--- What to do ---
From the material below, please set down exactly the lines starting with the one with "스포츠 세트 여성의 아침" and going on through the one with "Claims Adjuster Questions", without a single picture.

--- The input ---

• • • • • • •

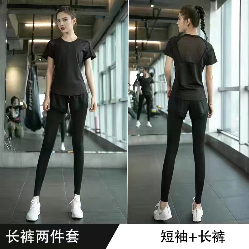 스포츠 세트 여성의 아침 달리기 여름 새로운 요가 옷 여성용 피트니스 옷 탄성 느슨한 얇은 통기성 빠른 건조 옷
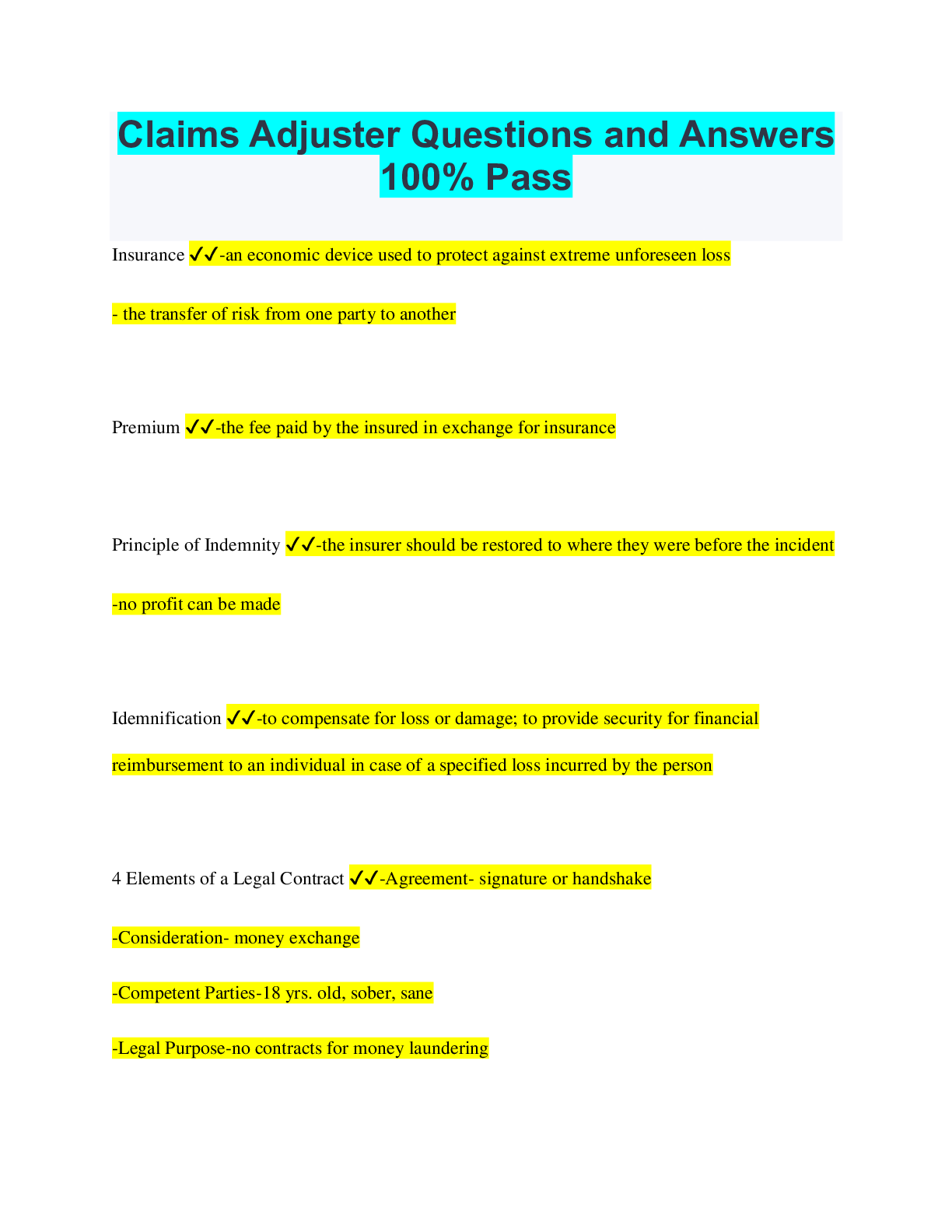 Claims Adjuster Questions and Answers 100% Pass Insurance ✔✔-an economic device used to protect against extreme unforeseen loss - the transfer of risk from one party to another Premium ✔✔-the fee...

• • • • • • •

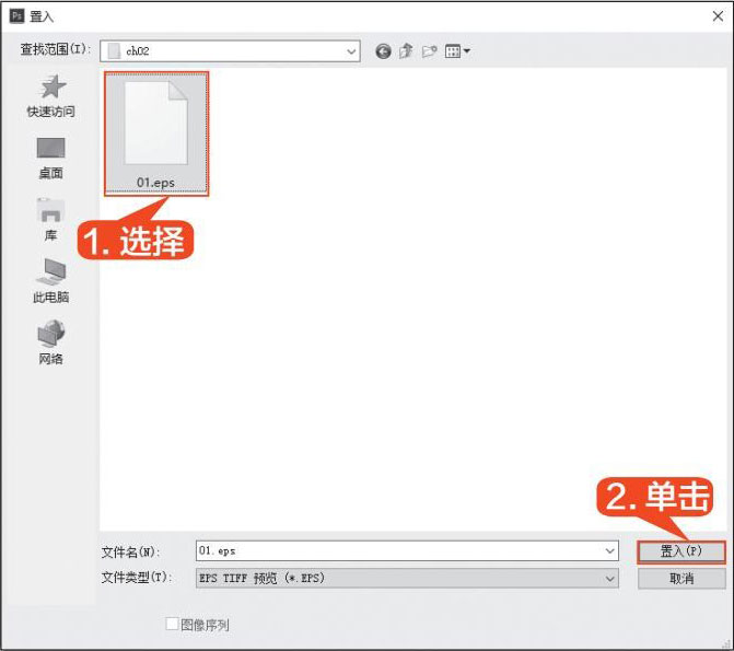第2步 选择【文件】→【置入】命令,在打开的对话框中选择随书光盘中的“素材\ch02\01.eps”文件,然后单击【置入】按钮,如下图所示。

• • • • • • •

--- Result of the task ---
 스포츠 세트 여성의 아침 달리기 여름 새로운 요가 옷 여성용 피트니스 옷 탄성 느슨한 얇은 통기성 빠른 건조 옷
 Claims Adjuster Questions and Answers 100% Pass Insurance ✔✔-an economic device used to protect against extreme unforeseen loss - the transfer of risk from one party to another Premium ✔✔-the fee...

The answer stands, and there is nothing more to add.